OUR paradigm for a dying city is Detroit. People built cars there. They also designed cars, made parts for cars, advertised cars and collected scrap left over from the manufacture of cars. That is largely gone, and the city is a shadow of what it was. You could say the same thing about almost any manufacturing-based, rust-belt city: Flint, Buffalo, Erie, Youngstown, Cleveland. I wonder whether this recession may not do something similar, albeit on a smaller scale, to some of the service-based cities whose population boomed in the past 20 or 30 years (nb: when I say "I wonder" here I don't mean it as a pointless puff on my pondering pipe; I mean I actually do wonder, and this is more an unformed thought than a prediction). Like, for instance, my fair city of Atlanta. ...... All of which makes me wonder whether Atlanta is simply approaching a point beyond which it cannot efficiently grow. And it makes me wonder, too, at what point we will be able to say the same thing about, say, Phoenix, Charlotte, Las Vegas and other late-century boomtowns.
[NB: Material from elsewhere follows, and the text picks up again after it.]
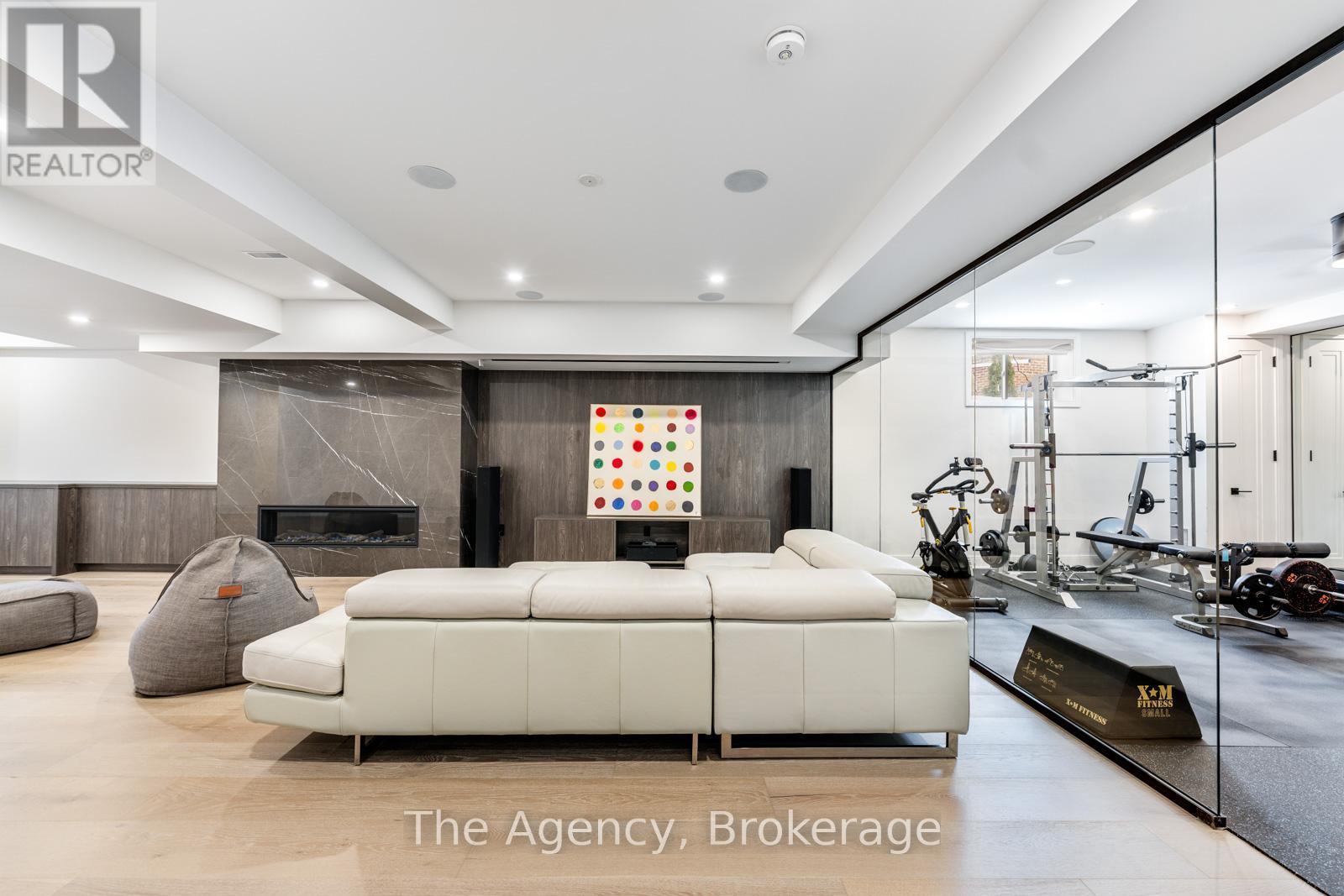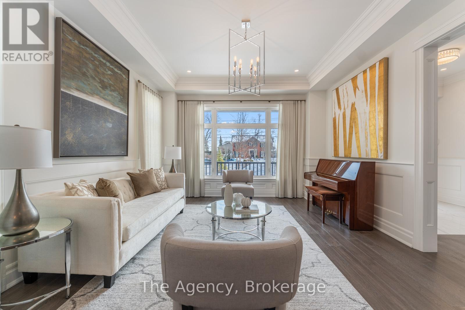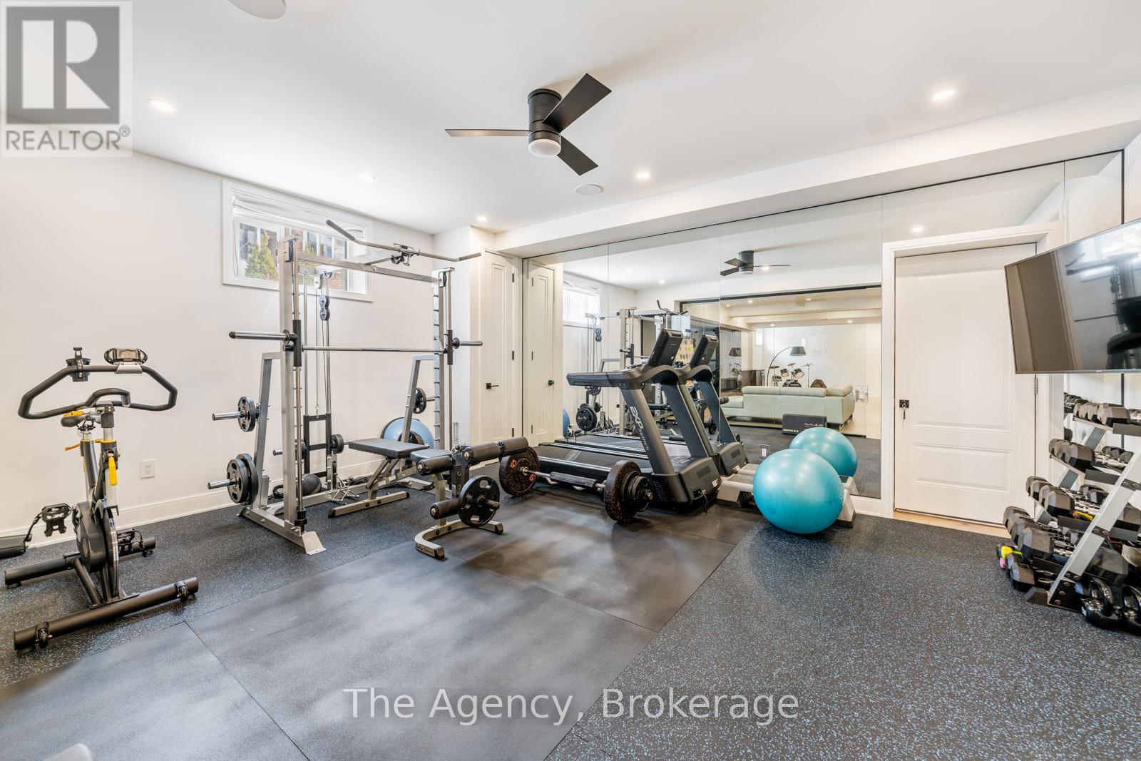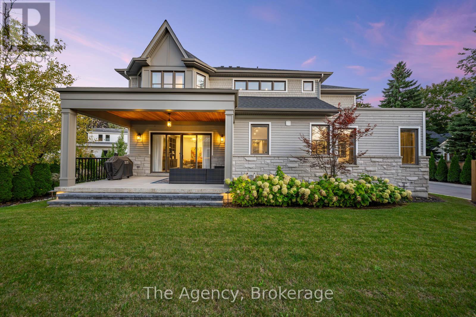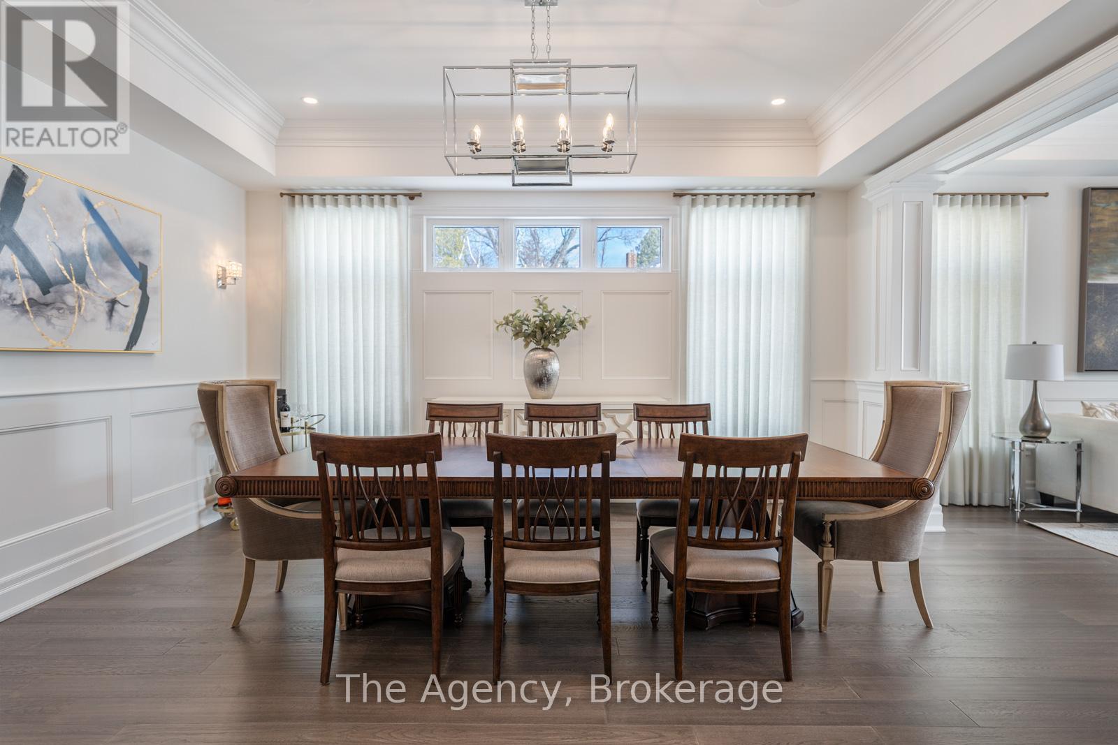 Your dream home awaits in an exclusive enclave just steps from Lake Ontario and minutes from downtown Burlington's shops, cafes, and restaurants. With 4+1 bedrooms and 6+2 bathrooms and a fully finished lower-level ideal for entertaining or extended family living this upgraded, custom home truly has it all. On the main level, hardwood floors, 10ft ceilings, wainscoting, coffered ceilings, and an oak staircase with wrought iron accents set a refined tone. The home features formal living and dining rooms, as well as a main floor family room with custom built-ins, a gas fireplace and patio doors leading to the exterior. A convenient mud room with access to the double car garage adds to the practicality of the space. The customized kitchen boasts a large center island, quartz countertops, a gas range, stainless steel appliances, and a cozy breakfast area. Upstairs, the primary suite includes a dressing room, ensuite, and laundry, while three additional bedrooms each enjoy their own ensuite bath. The fully finished lower level offers a spacious living area with a fireplace, projector screen, built in speakers, glass enclosed gym, guest bedroom, and heated bathroom floors. Set on a low-maintenance lot, this home offers both convenience and luxury, with a landscaped front yard featuring a sprinkler system and security cameras, plus a covered rear patio designed for relaxing outdoor living. (id:24334)

The golden era of the listed dying cities was the early 20th century. The decline was noticeable in the wake of World War II. But the Rust Belt wasn't the Rust Belt until the 70s and 80s. The Great Recession for many manufacturing regions was the double whammy of the early 1980s, which spawned (salmon, of course) the Burgh Diaspora.
Consumption and real estate, along with the means to mitigate the climatic challenges, underwrote rise of the Sun Belt. I like to think of it as a migration economy. Stop the flow of people and the house of credit cards collapses. Geography is back with a vengeance. Time to embrace your inner Rust Belt refugee.